The problem is that the pathname "öa" is not utf-8. It is extended (8-bit) ascii. presumably created via the command line. To demonstrate this, try the following one liner.
P:\test>perl58 -le"$f=qq[test-\xf6\xf6\xf6-test]; print $f; open F,'>' +,$f; print F 'this is the file'; close F;" test-÷÷÷-test P:\test>dir test-* Volume in drive P is Winnt Volume Serial Number is D822-5AE5 Directory of P:\test 02/09/03 14:26 18 test-ööö-test 1 File(s) 18 bytes 1,098,700,800 bytes free P:\test>type test-* test-ööö-test this is the file P:\test>
The character first character in "öa" is (extended) ascii 246 decimal (0xf6). This is an illegal character in utf-8. When perl attempts to treat a string containing this as utf, it see's the first character as the first byte of a two byte utf character and inspects the next byte to form the complete character. However, the next byte 'a' ascii 97 (0x61) is not a valid continuation byte for utf, hence the error message.
P:\test>perl -le"use utf8; $x = qq[öa]; print $x;" Malformed UTF-8 character (unexpected non-continuation byte 0x61, imme +diately after start byte 0xf6) at -e line 1. a
Here you can see that with use utf8 in force, the error occurs. Unsurprising, as the data is not correctly formed utf. The solution is to disable utf when dealing with extended ascii as can be seen here.
P:\test>perl -le"no utf8; $x = qq[öa]; print $x;" ÷a
In other words. You will probably bypass the problem by disabling utf8 by placing no utf8; at the top of your program.
The reason that the output (from perl) displays differently to the input--as '÷a' rather than 'öa'-- is something to do with ascii code to glyph mapping, ie. codepage settings (I think). If anyone has a better or fuller explanation of this, I'd like to hear it also.

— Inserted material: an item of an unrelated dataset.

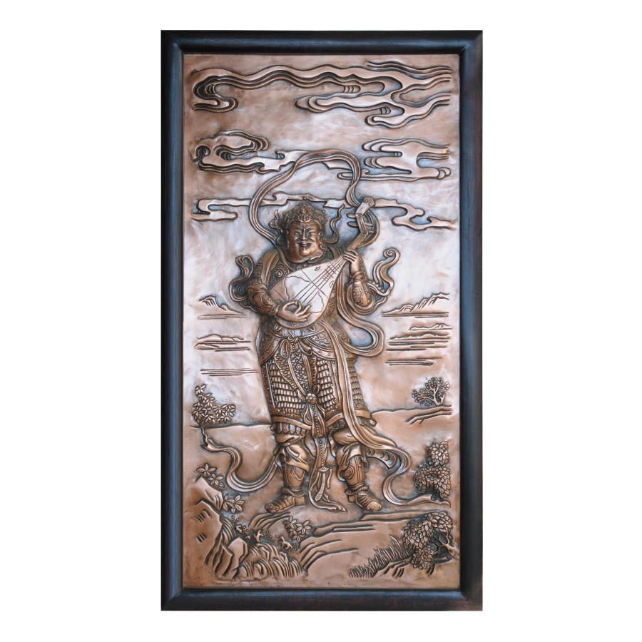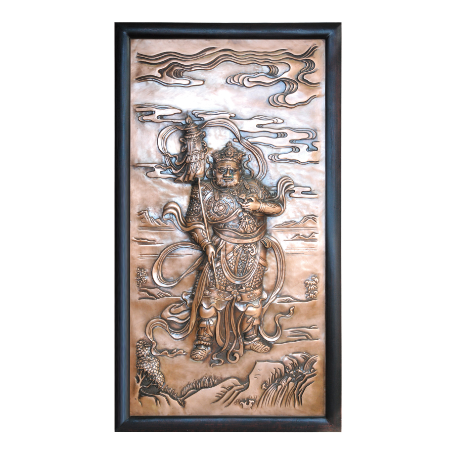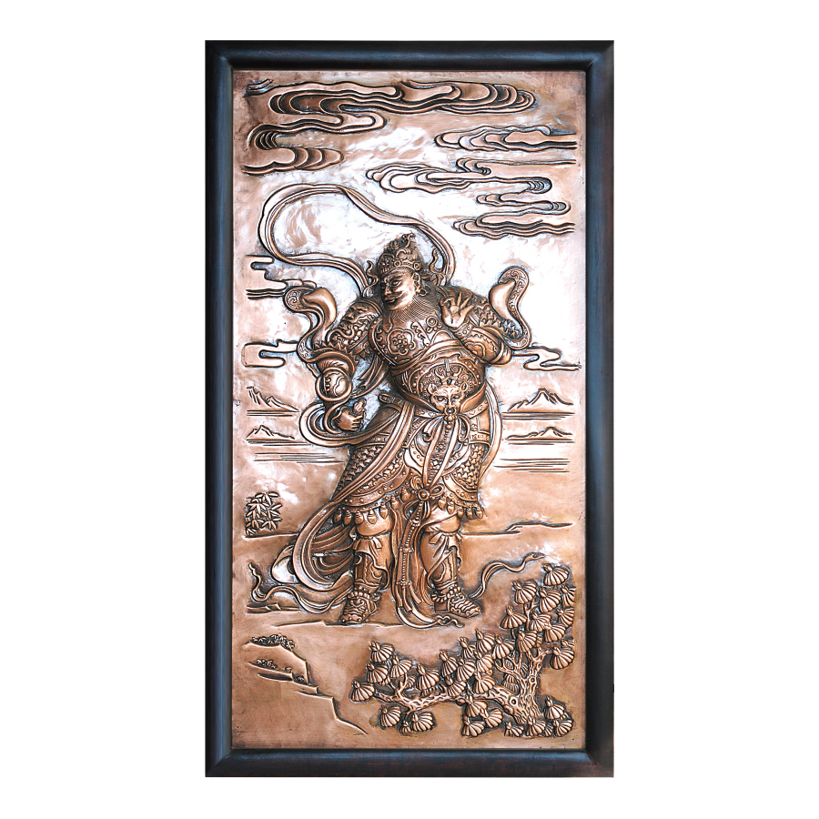 規(guī)格尺寸:?jiǎn)畏?00×490毫米,共四幅。 材質(zhì):紫銅 制作工藝:傳統(tǒng)手工鍛鏨

NOTE: Whether the characters in this post will show up correctly when displayed in your browser will depend upon your browser and it's handling of character encoding. It looks fine in Opera 6.1 with the encoding set to "automatic", but I have seen it before where stuff looks fine for me, but shows up as "wierd characters" in other browser or with different settings.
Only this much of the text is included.